汉子们听着徐依依的话,僵在原地,后头滚动了几下,呆呆看着广场中央。
那个平时高高在上,被县里奉为上宾的清源寺住持。
此刻,身体被平整地分成了两半。
鲜血和脏器流了一地,染红了青石板。
此前,村里有孩子失踪,他们组织过队伍上山搜寻。
却每次都被这住持以“打扰佛祖清修”为由,强行驱赶下山。
结果现在,他却死得不能再死了。
“那住持,就这么……死了?”带头的糙汉子声音发颤,打破了沉默。
“嗯。”
徐依依微微点头,接着顿了顿,目光落在一个眼眶红肿的男人身上,声音放轻了些,“但……孩子们可能……回不来了。”
这话,像是一柄烧红的铁锤,重重砸在汉子们的心口。
那男人听着徐依依的话,再也按捺不住心中的怒火,举起手里那柄磨得发亮的锄头,朝着大殿的方向冲了过去。
其余男人们也红着眼,疯了似地冲进大殿。
不知道从哪里找来了粗麻绳,一圈一圈套在那些还没来得及倒下的佛像脖子上。
接着,十几条汉子同时发力,额头上青筋暴起。
轰隆!
泥塑的佛像轰然倒塌,摔得粉碎。
接着是第二尊,第三尊。
大殿内尘土飞扬。
伴随着佛像碎裂的声音,压抑的哭声终于从大殿里传了出来。
徐依依没有阻止。
她静静站在外面,听着里面的动静。
她能做的都做了,剩下的情绪,需要他们自己去发泄。
一阵高跟鞋踩在青石板上的声音从身后传来。
罗蔓不知什么时候上了山。
她依然穿着那身开叉到大腿的红裙,只是上半身披了件外套。
手里点着一根女士香烟。
听着大殿里的哭声,罗蔓轻轻叹了口气:“哎,都是可怜人。
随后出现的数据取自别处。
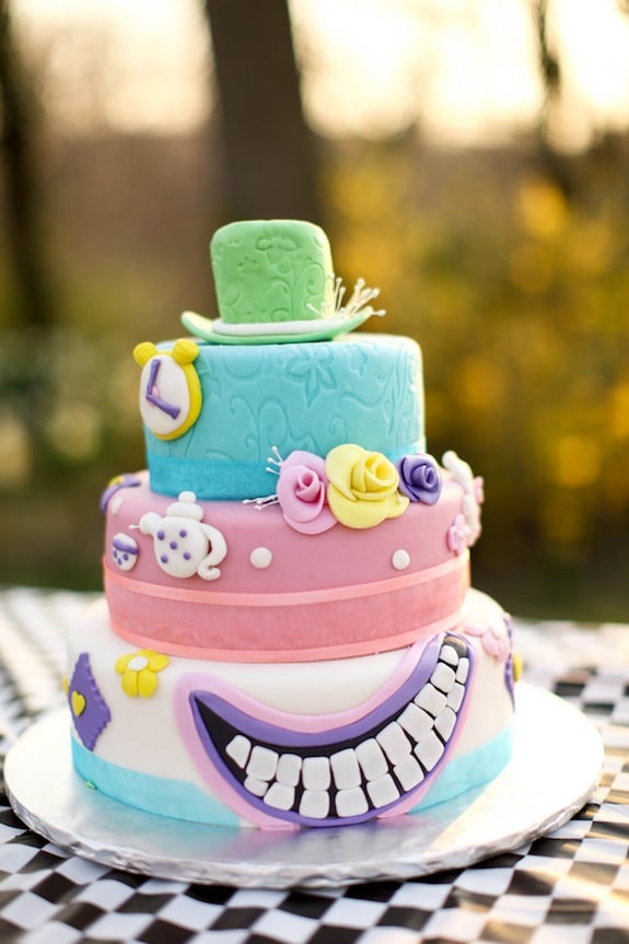 But, I couldn’t leave you all empty handed! So I have some fun shots from an Alice in Wonderland inspired wedding shoot – specifically the Mad Hatter’s tea party! Though the shoot includes a bride – I think you could use a lot of these fun (and easily recreatable details) for a bridal shower or other sort of event! I really love the bold checkered linen on the dessert table, the hand-painted paper products (check out that invitation! it’s AWESOME), and the cake is just TOO awesome to even describe!

”
徐依依抿着嘴,没有说话。
过了好一会,她才想起什么,朝着罗蔓问道:“罗蔓姐,你刚才来的时候,村口有看见一个跪着的人吗?”
罗蔓愣了一下:
“跪着的人?没看见,怎么了?”
闻言,徐依依垂下眼帘。
从她接完那通电话到现在,已经过去半个多小时了。
看来,那家伙完全没把她的话当回事。
“没事。”
徐依依平静说着,转身下山。
俗话说,来得早不如来得巧。
真的好巧。
徐依依刚从那上山的台阶上走下,就听见一阵引擎声传来。
一辆黑色的奥迪A6驶入村口,停在那些在村口等着他们男人回来的妇女和孩子们面前。
司机迅速下车,跑到后座,恭敬开门。
接着。
一个人模狗样的男人,从车上走了下来。
刚一下车,他就看见了那些西装男的尸体,脸色瞬间阴沉下来。
“谁干的?”
男人凶狠的目光扫过村口那些瑟瑟发抖的妇女和孩子,“我问你们话呢!谁干的?”
然而。
那些妇女和孩子们的目光,却异常坚毅,没有任何一人吭声。
“不说话是吧?”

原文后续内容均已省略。